Il suffisso "-ghi" in italiano non è molto diffuso nei cognomi, ma può essere legato a varianti dialettali o regionali. Corghi può derivare da un toponimo, da una caratteristica geografica, oppure da una famiglia che adottò questo cognome in un contesto specifico. L'etimologia potrebbe essere legata ad una regione del nord Italia, dove sono più frequenti cognomi con desinenze simili.
Per quanto riguarda il suo significato, non esistono documenti chiari che spieghino una traduzione o interpretazione specifica del termine Corghi. Tuttavia la presenza in Italia e la struttura del cognome suggeriscono che potrebbe essere correlato ad un toponimo o soprannome derivato da caratteristiche fisiche, occupazioni o toponimi antichi.
Le varianti ortografiche del cognome possono comportare piccole alterazioni nella scrittura, a seconda della regione o del momento storico in cui è stato documentato per la prima volta. La storia diIl cognome può essere legato a famiglie specifiche che, nel tempo, hanno mantenuto o adattato la forma del nome a seconda delle tradizioni locali o delle migrazioni.
Presenza regionale e analisi per continenti
Il cognome Corghi ha una presenza predominante in Europa, soprattutto in Italia, dove la sua incidenza è più alta. La forte presenza in Italia indica un'origine autoctona, con una storia che risale probabilmente a diversi secoli fa. La migrazione dall'Italia verso altri continenti, in particolare il Sud America, ha portato all'espansione del cognome in paesi come Brasile e Argentina, dove la comunità italiana ha lasciato un segno significativo nella cultura e nei cognomi della regione.
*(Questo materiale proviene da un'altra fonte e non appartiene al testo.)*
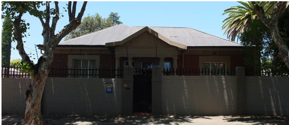
Fig. 203 Single storey residence with corrugated iron roofing and centrally located front stoep, all original design elements are still in a very good condition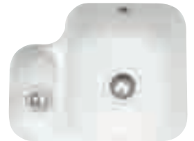
Nevara Ceramic undermounted sink CPK1100 waste required NEV150U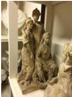
ELSINGER, Gustave The Great Sacrifice

terracotta formerly/autrefois 1950.42 3918 formerly/autrefois San Francisco, California, Fine Arts Museums of San Francisco, Legion of Honor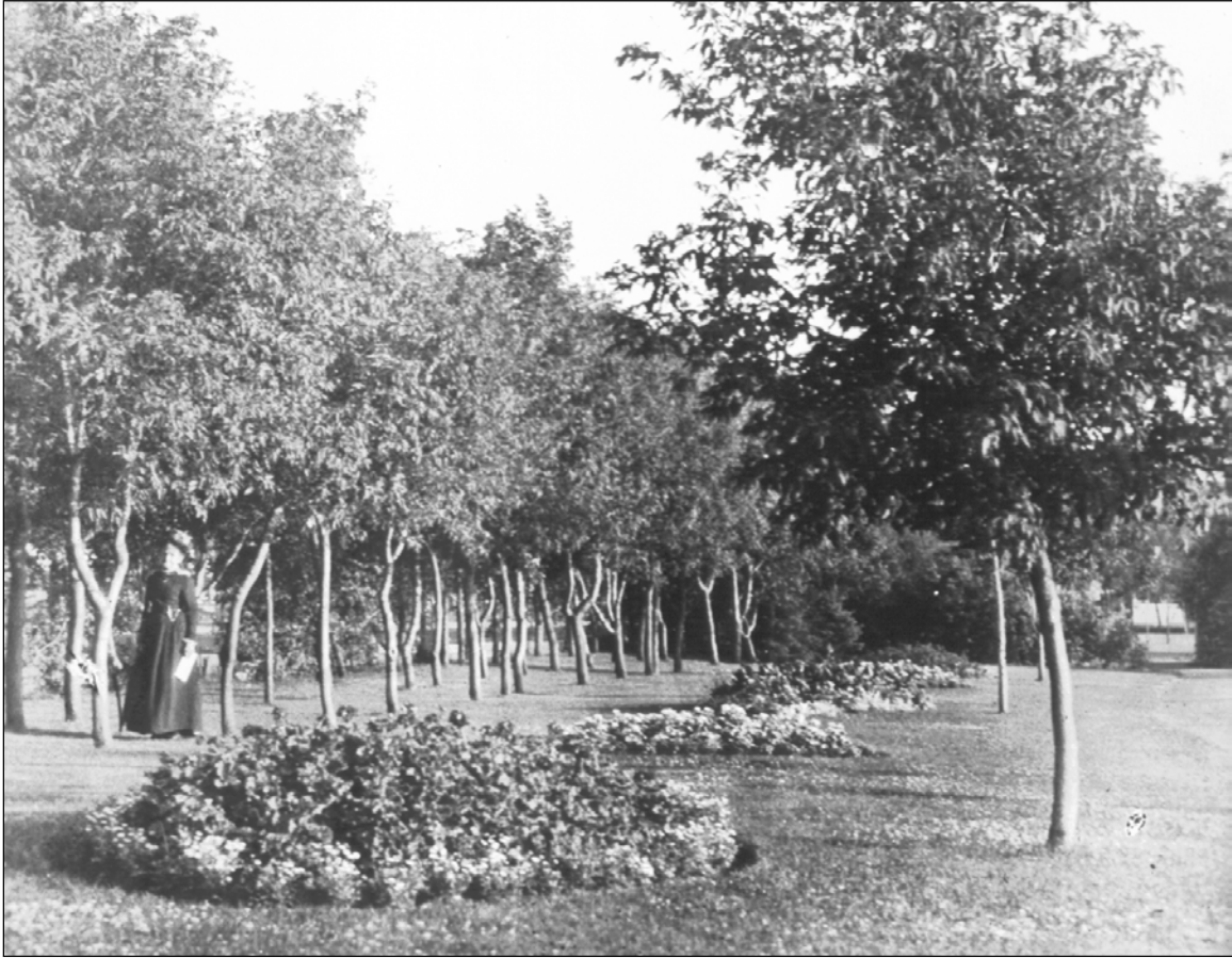
Plate 3 – St. James Park, 1910. (Photo courtesy of the Provincial Archives of Manitoba, N11803.)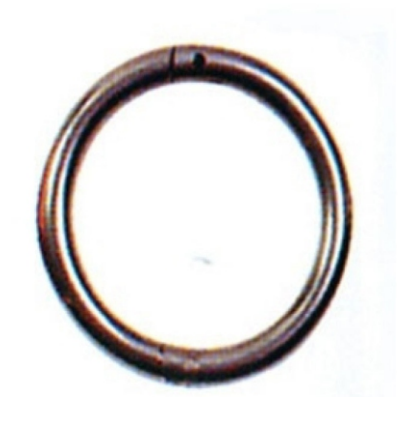
BULL RING - STAINLESS - 2 1/2 TC-91-1156 BULL RING - STAINLESS - 2 1/2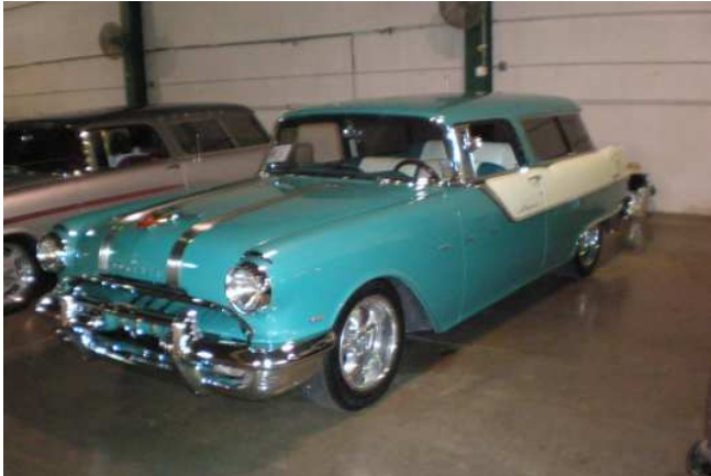
Here is a rare 1955 Pontiac Safari wagon And this one fills the bill for a classic cruiser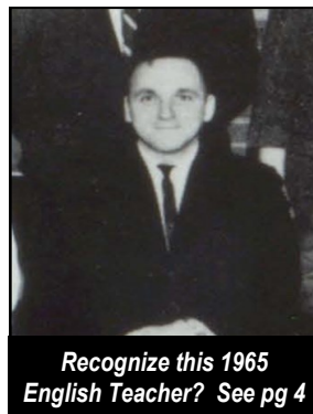
Recognize this 1965 English Teacher? See pg 4

will be available from August 1st thru close of business on October 1, 2018. Remember to send digital photos of your hunting and fishing successes to tctc@rochester.rr.com for display in the Clerk's Office!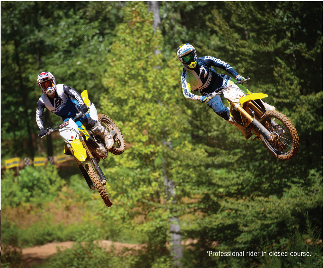
*Professional rider in closed course.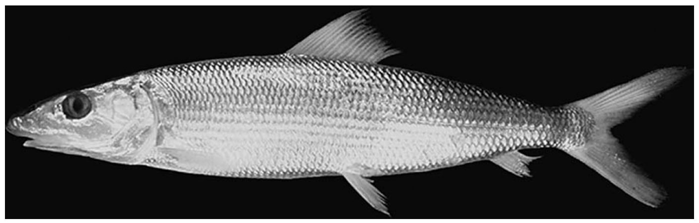
Albula oligolepis, paratype, 230 mm SL. From: Hidaka, K., Y. Iwatsuki and J. E. Randall. 2008. A review of the Indo-Pacific bonefishes of the Albula argentea complex, with a description of a new species. Ichthyological Research 55 (1): 53–64.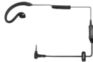
EHS30 C-Style Earpiece with in-line PTT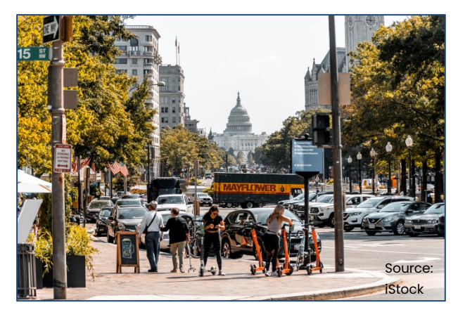
Micromobility in Washington D.C.

The D.C. Department of Transportation (DDOT) collected data from all these operators and carefully studied these data to understand how these dockless services operated in D.C. DDOT also surveyed citizens about the pilot to understand the public's reaction to the program. The pilot ended in August 2018 and DDOT released the phase 1 evaluation in December 2018.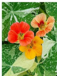
NASTURTium ALASKA MIX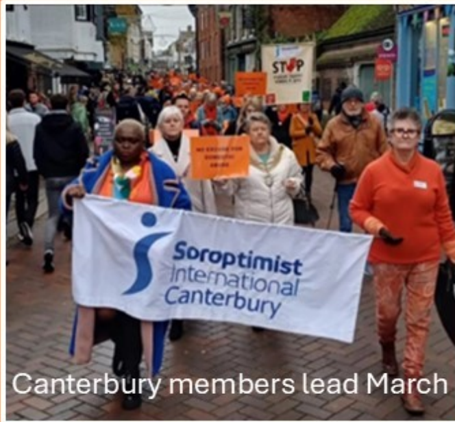
Canterbury members lead March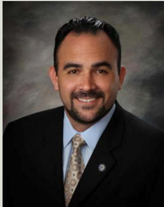
Glendale City Manager

With the beginning of June, we have the conclusion of the FY 2015-16 budget adoption process. Following two City Council budget study sessions and the Charter-required public hearing, the Council is poised to adopt a $798 million total budget, featuring a $183 million General Fund budget. While we continue to wrestle with the State of California over funding owed to the City of Glendale - as confirmed by the courts in recent litigation against the State - I am pleased and proud to state that this year's budget features a $2.7 million beginning surplus.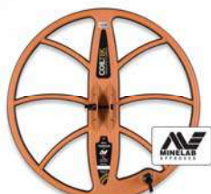
Coin & Relic 15" X-TERRA 18.75kHz © Fully submersible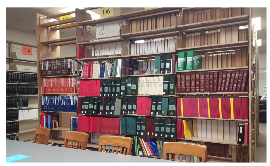
Interior view of CCLL.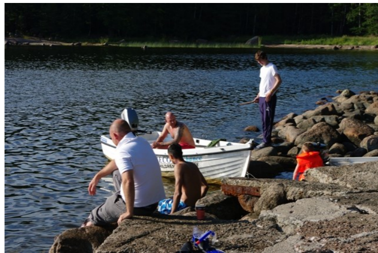
Dads and Lads soak up the sunshine together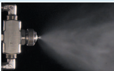
Fig. BASTRAMAT 2000 FR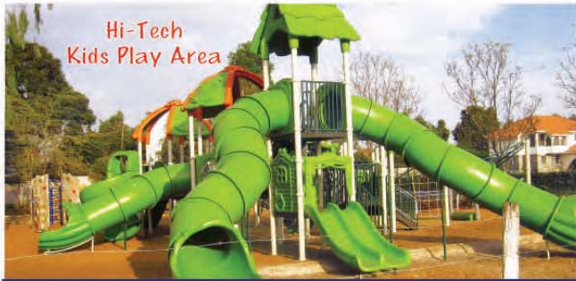
Hi-Tech Kids Play Area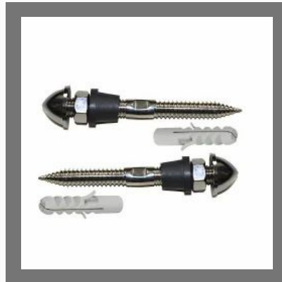
Industrial Rack Bolts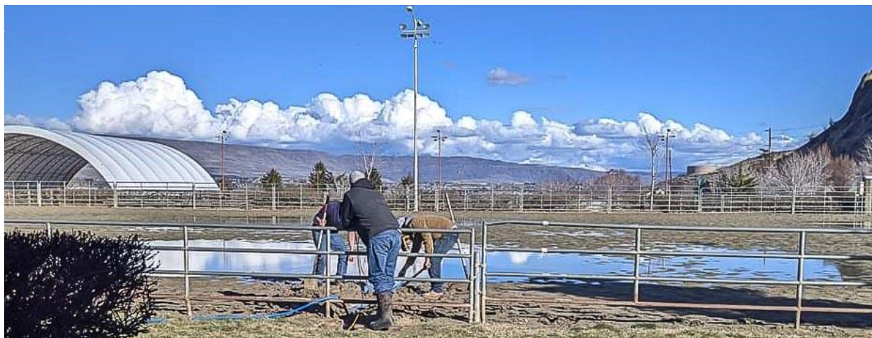
Our ground crew draining seasonal Lake Appleatchee

This is the first newsletter for a while, and we are hoping to get back to the normal first-of-the-month Horsefeathers. It will take some work to get members and divisions back in the habit of sending information and pictures to the office or to kmarch@nwi.net .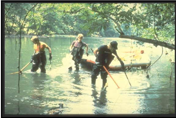
Tote barge (pram unit) Electrofishing

The safety of all personnel and the quality of the data is assured through the adequate education, training, and experience of all members of the fish collection team. At least 1 biologist with training and experience in electrofishing techniques and fish taxonomy must be involved in each sampling event. Laboratory analyses are conducted and/or supervised by a fisheries professional trained in fish taxonomy. Quality assurance and quality control must be a continuous process in fisheries monitoring and assessment, and must include all program aspects (i.e., field sampling, habitat measurement, laboratory processing, and data recording).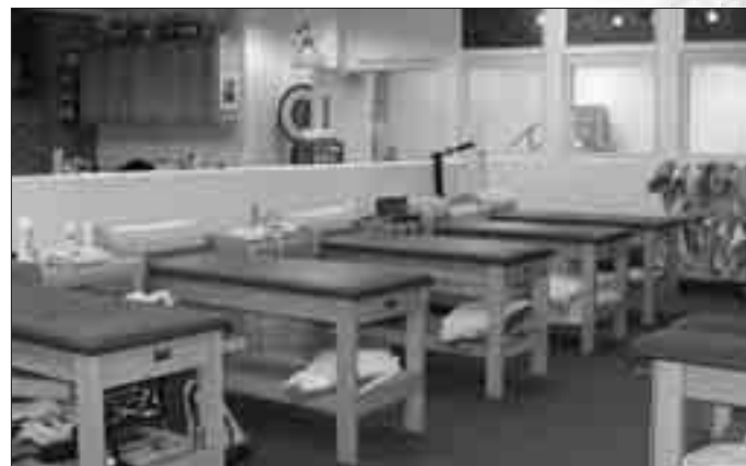
Irish athletics receive the finest in sports medicine care from the team of athletic trainers and physicians. The latest in sports medicine technology is located in the 3,300-square foot athletic training facility located in Notre Dame Stadium.

The sports medicine team of athletic trainers and team physicians is committed to providing the most comprehensive and safest health care possible. Evaluations, treatments and rehabilitation are established for each individual, taking into consideration the sport in which the athlete participates, as well as other intangible matters. The primary goal of the Notre Dame sports medicine department is to return the athletes to their status before injury in the safest and quickest manner possible.

In America Latina, l'incidenza in Brasile (152 persone) e Argentina (35 persone) riflette le ondate migratorie italiane del XIX e dell'inizio del XX secolo. La migrazione di massa degli italiani verso questi paesi fu motivata dalla ricerca di migliori condizioni economiche e dalla necessità di colonizzare territori in espansione. La presenza di Corghi in questi paesi è un esempio di come i cognomi italiani abbiano radicato nella cultura locale, mantenendo la propria identità attraverso le generazioni.
In Nord America, l'incidenza negli Stati Uniti è piccola, con solo 5 persone registrate, ma potrebbe aumentare a causa delle migrazioni più recenti o della presenza di discendenti che mantengono il cognome. Anche la dispersione in paesi come Canada e Messico indica un'espansione moderna, sebbene su scala minore.
In Europa, oltre che in Italia, la presenza in Svizzera (9) e Repubblica Ceca (2) suggerisce che il cognome possa avere radici in regioni vicine o in comunità con scambi culturali storici. La presenza in questi paesi può essere collegata a movimenti migratori interni o a legami familiari transnazionali.
In sintesi, la distribuzione del cognome Corghi riflette una storia di migrazione europea, principalmente italiana, che ha raggiunto diversi continenti e si è affermata in varie comunità. Particolarmente significativa è la presenza nei paesi dell'America Latina, che testimonia l'influenza della diaspora italiana sulla configurazione demografica e culturale di queste regioni.